At the helm of Digital Asset, Masters is implementing the most talked-about market infrastructure overhaul through blockchain technology through its work with the Australian Securities Exchange (ASX).

Speaking at Sibos 2018 in Sydney, the chief executive was asked about the benefits of blockchain, and diverting away from the usual responses such as data, settlement and reconciliation, which all have a positive impact for the client, Masters instead discussed the application of blockchain within organisations.

“The total addressable market for deploying this technology is much greater than people really understand,” explained Masters.

“Reconciliation consumes a lot of messaging, resources and expense. Within the organisation, actually, the extent of requirements for internal validation, restraints, and controls and results of reconciliations is probably a factor of 100 – or even more than that – times as great of a burden.”
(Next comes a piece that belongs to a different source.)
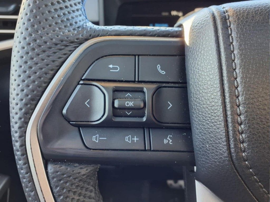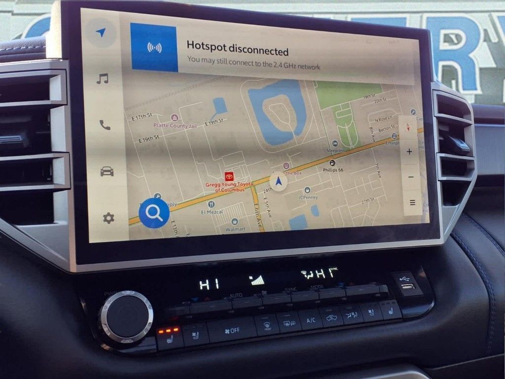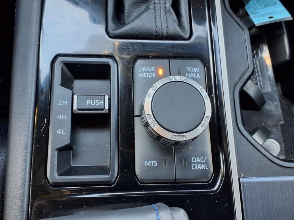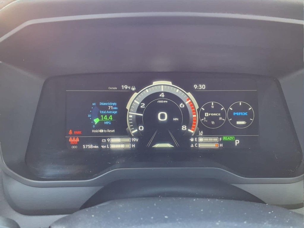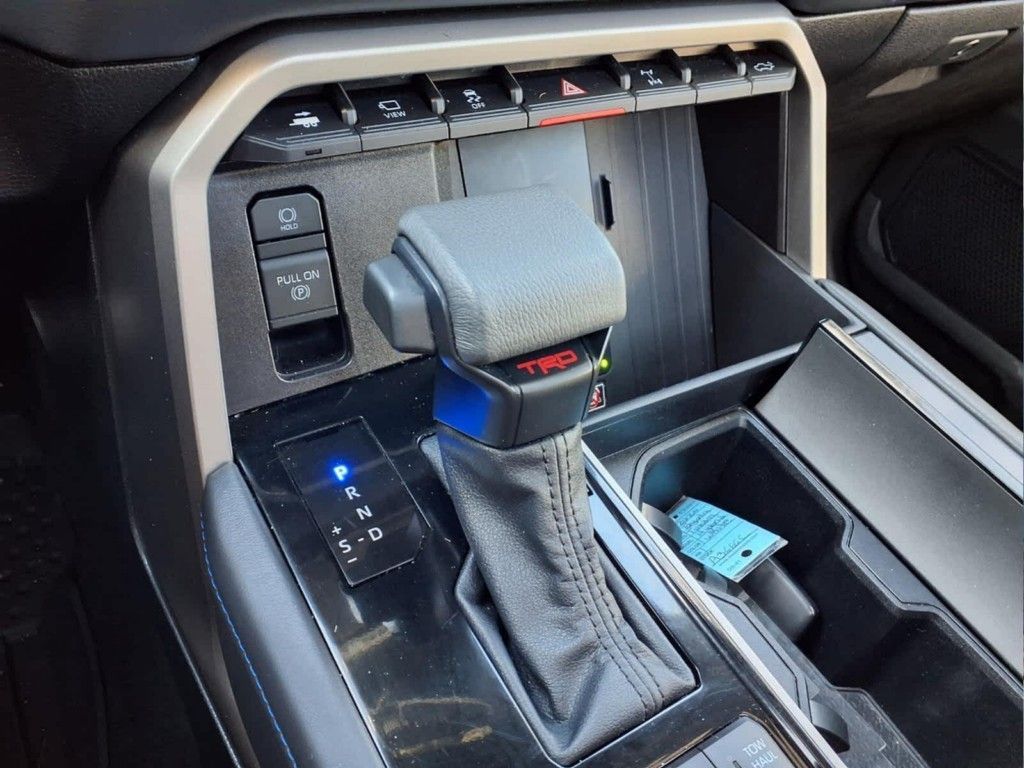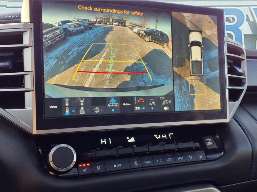 TRD grille, TRD off-road suspension, skid plates, TRD leather shift knob, electronic rear differential lock and Multi-Terrain Select (MTS), Wheels: 20 Black Alloy, Tires: P265/60R20 All-Terrain, Front & Rear Mud Guards, Multi-Terrain Back Monitor, TRD CAST ALUMINUM RUNNING BOARD (TMS), LOAD-LEVELING REAR HEIGHT CONTROL AIR SUSPENSION, center console safe, Wireless Trailer Camera, BED UTILITY PACKAGE W/EXTENDER (TMS), PREDATOR DROP STEP (TMS), DUAL-STEP RUNNING BOARD - BLACK (TMS), DUAL-STEP RUNNING BOARD - SILVER (TMS), speedometer, navigation and hybrid system indicator, TRD FRONT SKID PLATE (TMS), PREMIUM PAINT, BED STEP (TMS), BED EXTENDER (TMS), 33 additional months of SiriusXM in addition to the standard trial, Blind Spot Monitor, Panoramic View Monitor (PVM), cameras, ALL WEATHER FLOOR LINERS (TMS), STAINLESS STEEL DOOR EDGE GUARDS (TMS), TRD WINDSHIELD UV SUNSHADE (TMS), WHEEL LOCKS (TMS), MULTIMEDIA SCREEN PROTECTOR - GLASS (TMS), CHROME FRONT BUMPER LETTERS (TMS), BLACK FRONT BUMPER LETTERS (TMS), UNIVERSAL TABLET HOLDER (TMS), TAILGATE INSERT - CHROME (TMS), TAILGATE INSERT - BLACK (TMS), PHONE CABLES - SMART USB (TMS), TRD OFF-ROAD PACKAGE FLEET DISCOUNT, AIR SUSPENSION FLEET DISCOUNT, BLACK PWR HTD OTSD TOW MIRRORS (MQ) FLEET DISCOUNT, HEAD UP DISPLAY (HUD) FLEET DISCOUNT, STANDARD PAINT, Tires: P265/60R20 All-Terrain, TIRES: P265/60R20 ALL-TERRAIN. Toyota Platinum Hybrid with Wind Chill Pearl exterior and Black interior features a V6 Cylinder Engine with 437 HP at 5200 RPM*.

“Think about the distinction between the operations department, the risk department, the front office and trading department, command and control, reconciliation all the way back to the general ledger. These are all processes that can equally benefit from the technology that we are talking about here, where you need encourage separation, privacy or confidentiality or certain aspects.”

ASX plans to go live with its new equity post-trade system based on blockchain technology and designed by Digital Asset by the first quarter of 2021.

The blockchain project was heralded as a potential turning point for the post-trade industry at Sibos for the past two years and could serve as the basis for other market infrastructures to revamp their systems using the technology.

Digital Asset has hinted at working with other exchanges at present.

Masters added that she believed there would not be one single solution and interoperability will be important in the future.

“I don’t subscribe to the view that there will be a single solution or one approach to DLT,” she said, adding that the issue is currently being addressed.  “To process transactions across and between these different ecosystems. It would be nice in theory. It’s important that the vendors of the technology work together, but also that the market operators – as they develop their tools – that they make a commitment to their participants, many who are shared. And they make a commitment to make sure the technology is compatible to meet their participants needs.”

Earlier this month a new test of the Digital Asset blockchain platform showed it processed upwards of 27,000 trades per second, far exceeding the latest prototype developed by market infrastructure service provider, DTCC.

The test, conducted by IT financial services consultancy GFT, confirmed the platform could support 27,000 trades per second for a sustained period of time, which equates to approximately 81,000 distributed ledger technology (DLT) transaction updates per second.